Dataset excerpts:
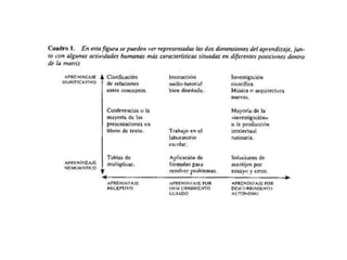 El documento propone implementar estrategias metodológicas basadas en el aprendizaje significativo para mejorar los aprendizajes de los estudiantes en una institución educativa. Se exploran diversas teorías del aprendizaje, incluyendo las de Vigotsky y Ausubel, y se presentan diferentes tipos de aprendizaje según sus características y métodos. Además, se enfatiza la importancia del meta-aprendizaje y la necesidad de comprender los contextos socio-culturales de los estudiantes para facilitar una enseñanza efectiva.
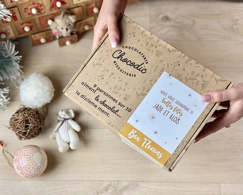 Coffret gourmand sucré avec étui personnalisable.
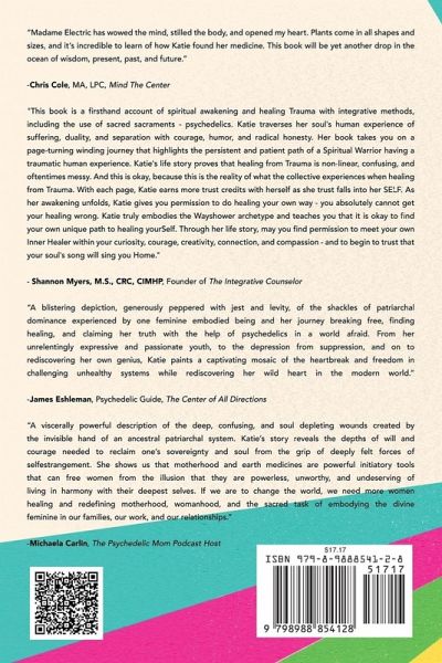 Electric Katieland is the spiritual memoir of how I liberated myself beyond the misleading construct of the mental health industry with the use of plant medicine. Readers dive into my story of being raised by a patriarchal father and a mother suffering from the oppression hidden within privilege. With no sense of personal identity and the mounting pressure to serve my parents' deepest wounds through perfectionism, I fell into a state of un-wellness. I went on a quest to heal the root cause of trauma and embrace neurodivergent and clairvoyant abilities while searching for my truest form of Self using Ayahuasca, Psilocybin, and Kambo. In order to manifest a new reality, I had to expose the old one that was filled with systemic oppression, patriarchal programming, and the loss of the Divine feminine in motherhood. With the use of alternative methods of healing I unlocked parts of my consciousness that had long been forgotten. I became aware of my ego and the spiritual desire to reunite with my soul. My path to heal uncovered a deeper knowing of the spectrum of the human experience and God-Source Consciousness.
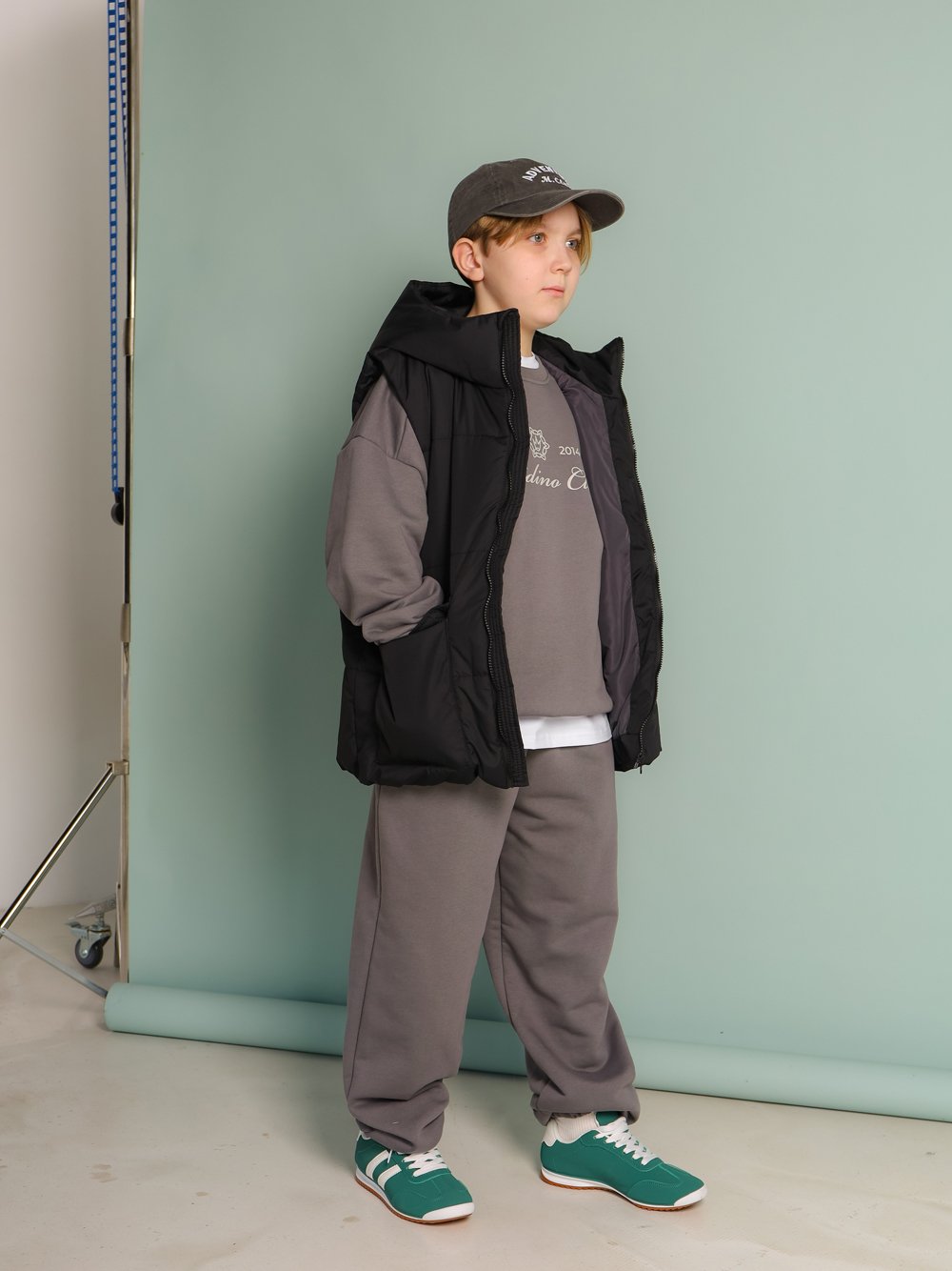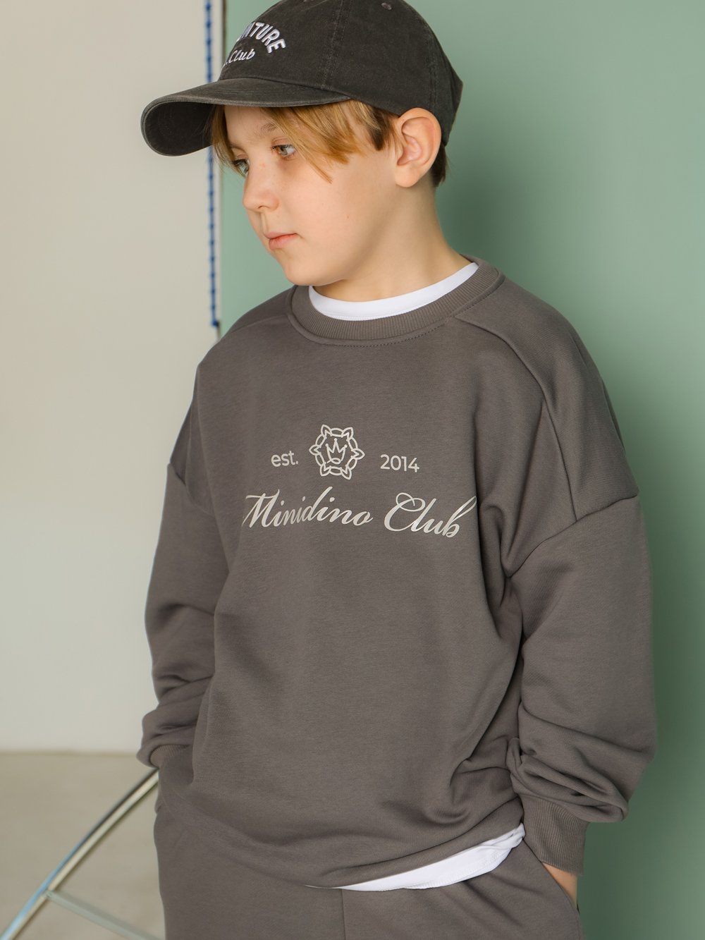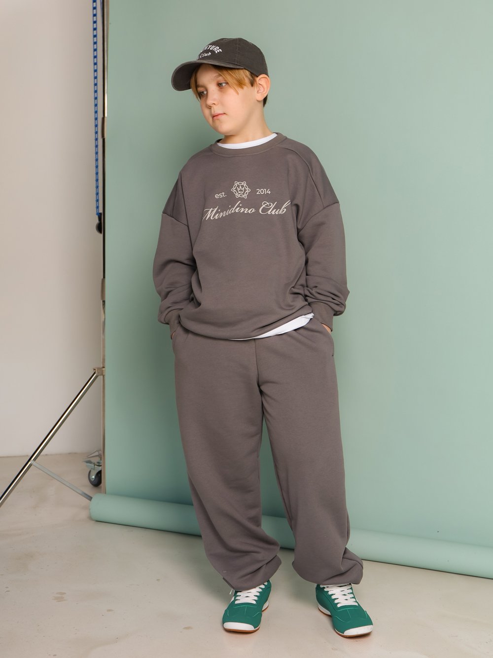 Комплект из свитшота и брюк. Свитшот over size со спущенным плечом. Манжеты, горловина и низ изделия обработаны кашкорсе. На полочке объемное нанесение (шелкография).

...

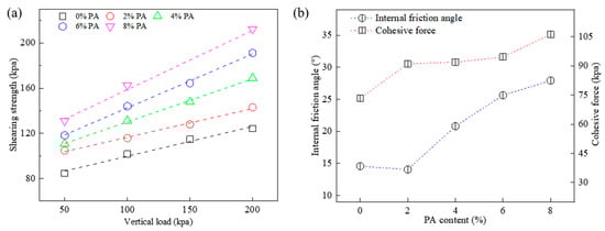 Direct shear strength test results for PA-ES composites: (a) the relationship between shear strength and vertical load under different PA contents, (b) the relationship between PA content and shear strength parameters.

Problem to work on:
Your reply is to be an exact repeat of the listing above from the line holding "Electric Katieland is" down to the line holding "Комплект из свитшота", ends included, pictures excluded.

Written solution:
 Electric Katieland is the spiritual memoir of how I liberated myself beyond the misleading construct of the mental health industry with the use of plant medicine. Readers dive into my story of being raised by a patriarchal father and a mother suffering from the oppression hidden within privilege. With no sense of personal identity and the mounting pressure to serve my parents' deepest wounds through perfectionism, I fell into a state of un-wellness. I went on a quest to heal the root cause of trauma and embrace neurodivergent and clairvoyant abilities while searching for my truest form of Self using Ayahuasca, Psilocybin, and Kambo. In order to manifest a new reality, I had to expose the old one that was filled with systemic oppression, patriarchal programming, and the loss of the Divine feminine in motherhood. With the use of alternative methods of healing I unlocked parts of my consciousness that had long been forgotten. I became aware of my ego and the spiritual desire to reunite with my soul. My path to heal uncovered a deeper knowing of the spectrum of the human experience and God-Source Consciousness.
 Комплект из свитшота и брюк. Свитшот over size со спущенным плечом. Манжеты, горловина и низ изделия обработаны кашкорсе. На полочке объемное нанесение (шелкография).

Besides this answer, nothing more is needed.